## Task input
↓
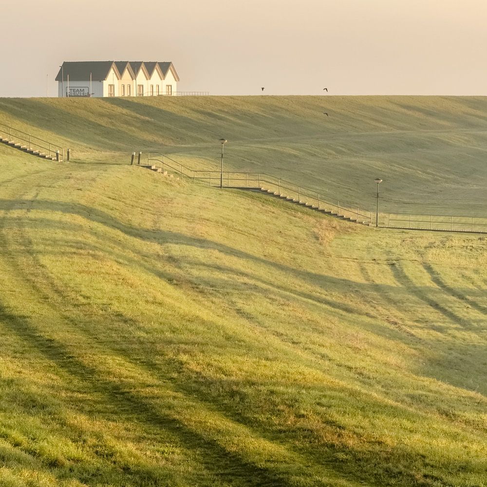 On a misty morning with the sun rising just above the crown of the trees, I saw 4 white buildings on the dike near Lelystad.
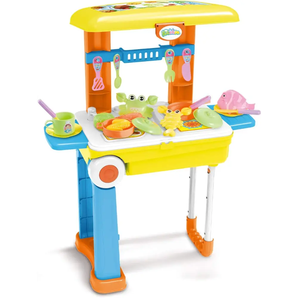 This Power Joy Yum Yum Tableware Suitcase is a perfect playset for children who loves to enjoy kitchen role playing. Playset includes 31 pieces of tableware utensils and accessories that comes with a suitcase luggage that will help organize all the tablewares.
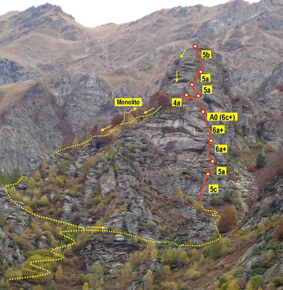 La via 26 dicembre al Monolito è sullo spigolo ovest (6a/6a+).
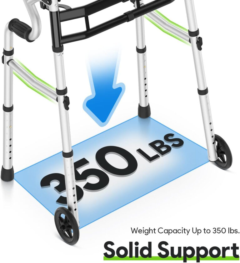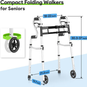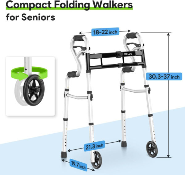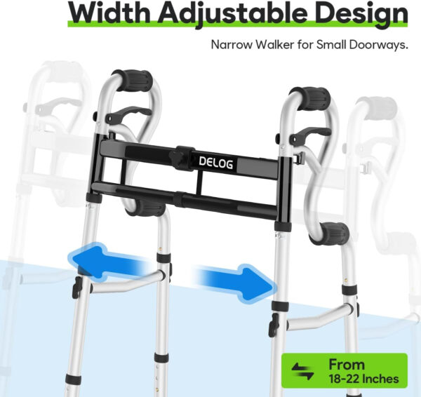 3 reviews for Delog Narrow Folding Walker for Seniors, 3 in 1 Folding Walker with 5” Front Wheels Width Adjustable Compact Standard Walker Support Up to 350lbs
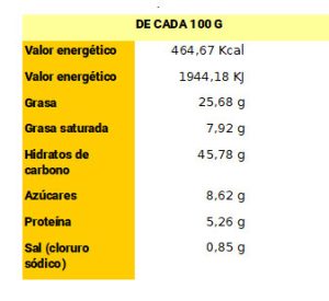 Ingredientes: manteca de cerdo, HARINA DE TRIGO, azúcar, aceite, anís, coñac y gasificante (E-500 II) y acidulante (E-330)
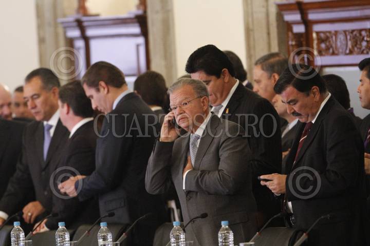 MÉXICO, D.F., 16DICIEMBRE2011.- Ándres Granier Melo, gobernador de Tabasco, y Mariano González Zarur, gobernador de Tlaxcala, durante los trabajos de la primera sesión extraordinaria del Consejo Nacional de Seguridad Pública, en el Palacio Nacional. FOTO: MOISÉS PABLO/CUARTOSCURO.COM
↑
↓
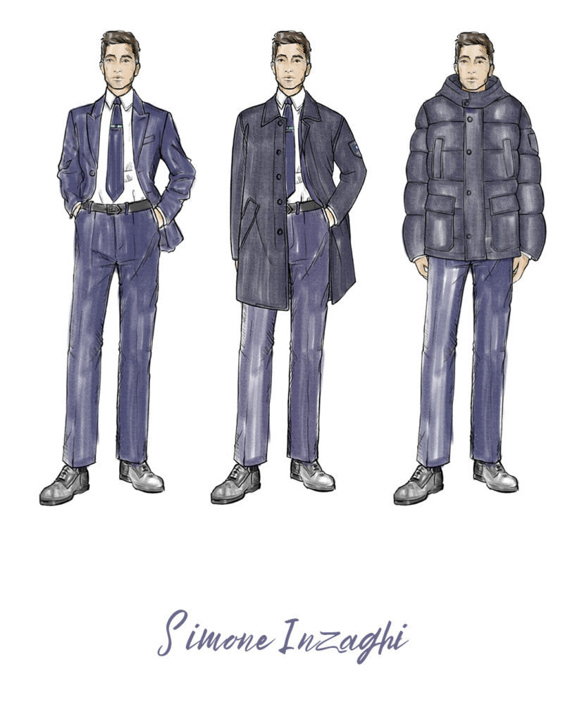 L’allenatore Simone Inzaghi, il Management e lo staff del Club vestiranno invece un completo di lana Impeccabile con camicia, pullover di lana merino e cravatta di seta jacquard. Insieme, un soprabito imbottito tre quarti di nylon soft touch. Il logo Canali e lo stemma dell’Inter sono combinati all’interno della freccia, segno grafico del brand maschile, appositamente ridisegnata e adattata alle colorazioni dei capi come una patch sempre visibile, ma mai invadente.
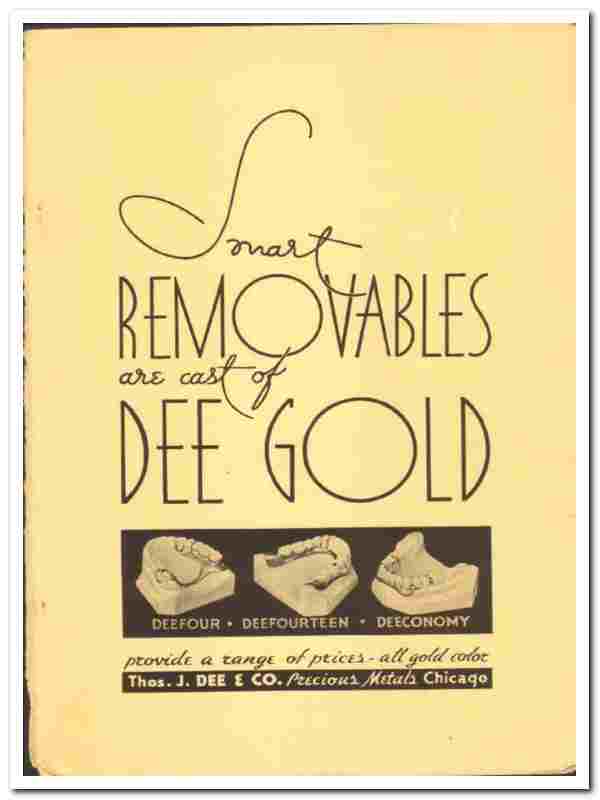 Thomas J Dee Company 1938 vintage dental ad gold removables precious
↑
The material above holds pictures; leave them out and set down exactly the lines from the line with "La via 26 dicembre" to the line with "MÉXICO, D.F., 16DICIEMBRE2011.- Ándres", both included.

 La via 26 dicembre al Monolito è sullo spigolo ovest (6a/6a+).
 3 reviews for Delog Narrow Folding Walker for Seniors, 3 in 1 Folding Walker with 5” Front Wheels Width Adjustable Compact Standard Walker Support Up to 350lbs
 Ingredientes: manteca de cerdo, HARINA DE TRIGO, azúcar, aceite, anís, coñac y gasificante (E-500 II) y acidulante (E-330)
 MÉXICO, D.F., 16DICIEMBRE2011.- Ándres Granier Melo, gobernador de Tabasco, y Mariano González Zarur, gobernador de Tlaxcala, durante los trabajos de la primera sesión extraordinaria del Consejo Nacional de Seguridad Pública, en el Palacio Nacional. FOTO: MOISÉS PABLO/CUARTOSCURO.COM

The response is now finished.